With the ever-increasing use of commercial air travel, individuals are traveling away from home more frequently.3 That increase in travel has spurned a newfound desire to re-examine some of our previous recommendations regarding specific health conditions and flying. Specifically, in the past, a pneumothorax has been deemed an absolute contraindication for flight travel due to the effects of the hypobaric environment and concern for expansion resulting in tension physiology. Numerous societies, including the British Thoracic Society and Aerospace Medical Association (AsMA), previously recommended waiting at least 2 wk from the resolution of a pneumothorax prior to any flight travel, recently updating their recommendation to 7 d.1,11 A 2011 article published in Thorax recommended waiting at least 7 d after the complete resolution of a pneumothorax, and up to 2 wk following a traumatic pneumothorax.11 However, upon review of the literature, it becomes apparent that these recommendations are based on a few case reports and other weak evidence.

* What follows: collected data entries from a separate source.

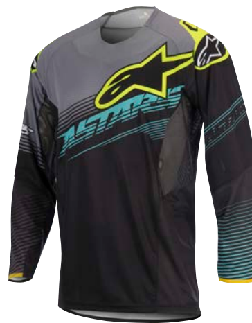
BLACK TEAL YELLOW FLUO 1074
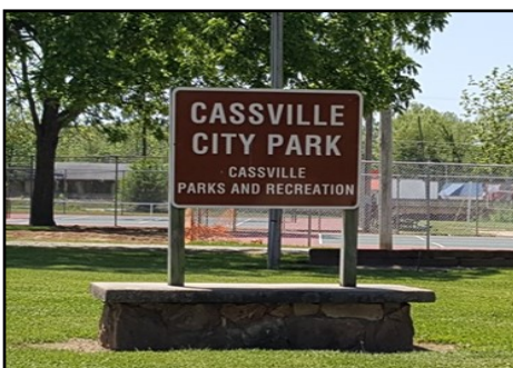
Downtown City Park

baseball fields surfaces with new clay added on an as needed basis every two to three years, repairs to tennis, basketball and pickle ball courts, repair lighting at horseshoe pits, replace bathrooms to provide ADA accessibility, adding restroom facilities open year round to each trail head if possible, relocate baseball field #2, restore pedestrian and/or vehicular access to the park from 7 th Street—alternative consideration given to improving Park Road and Mineral Springs Road.
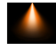
2700K SOFT WHITE LIGHT
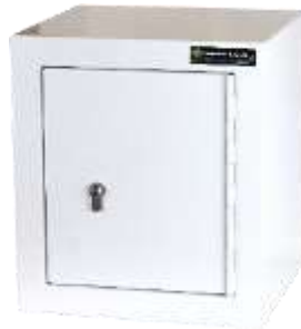
CDC002 (Opt. B)

As such, numerous authors have noted that further investigation into this field is needed to better understand the natural history of a pneumothorax in flight.2,7,10
METHODS
The PUBMED database was queried utilizing search terms “Pneumothorax”, “Flight”, “Hypobaric”, and “Air Travel”, resulting in 107 articles. As the goal of this review was to identify post-hospital-discharge air travel following an acquired pneumothorax (surgical or traumatic), studies involving congenital malformations and spontaneous pneumothoraces were excluded. In addition, as a thorough review of the literature was performed in 2013 by Bunch et al., the search was narrowed to original studies, case reports, and case series from 2013 onward.2 This reduced the number of relevant articles to six, one of which could not be viewed due to access issues. As such, the remaining five articles, with two additional historic articles, are summarized below and in Table I.
RESULTS
Theoretical Pathophysiology of a Hypobaric Pneumothorax
To look at the proposed physiology behind a pneumothorax, a study performed in 2013 by Fitz-Clarke et al.6 used a mathematical model simulating the behavior of pneumothoraces at different altitudes. Using a mathematical model, they determined the theoretical size at which tension physiology would occur. It was determined that a pneumothorax up to 40% in size could be tolerated up to an altitude of 8000 ft (2438 m). This size would not create a large enough mediastinal pressure difference to induce tension physiology. At this size, the authors also concluded that tension physiology would not create enough positive intrathoracic pressure to overcome normal respiratory negative pressure. The apparent limitations of this study are that it is purely theoretical and, therefore, cannot account for some of the nuances of human respiratory mechanics. The model also did not address critical hypoxemia due to lower inspired oxygen partial pressures and pulmonary shunt from lung collapse, which certainly would have an overall effect on patients with pneumothoraces. Still, this paper’s findings help explain how patients in later studies with known pneumothoraces seem to have mild to no issues with flight in pressurized cabins. The article mentions that while cabins are pressurized to 8000 feet (2438 m), there is the chance of rapid decompression, which would quickly drop the cabin’s pressure to 30000–45000 ft (9144–13,716 m) over a period of seconds. Under these extreme conditions, the risk of lung collapse would drastically increase, but the chance of this event occurring in current commercial aviation is quite rare.12
Previous Summary of the Literature
A review article written in 2013 focused on numerous publications that looked at pneumothorax during commercial flight. Bunch et al. found that while there were numerous retrospective studies, only two prospective studies addressed this topic.2 One of these, based out of Orlando, FL, in 1999, had been used to validate the Aerospace Medical Assocation and British Thoracic Society guidelines of waiting 2 wk after the resolution of a pneumothorax.5 In that study, 10 patients flew at least 14 d after resolution of a traumatic pneumothorax and did not experience any issues in flight. Two patients flew prior to 14 d, and one had respiratory distress in flight with symptoms suggestive of a recurrent pneumothorax. As such, the recommendation of waiting 2 wk after traumatic pneumothorax seemed appropriate.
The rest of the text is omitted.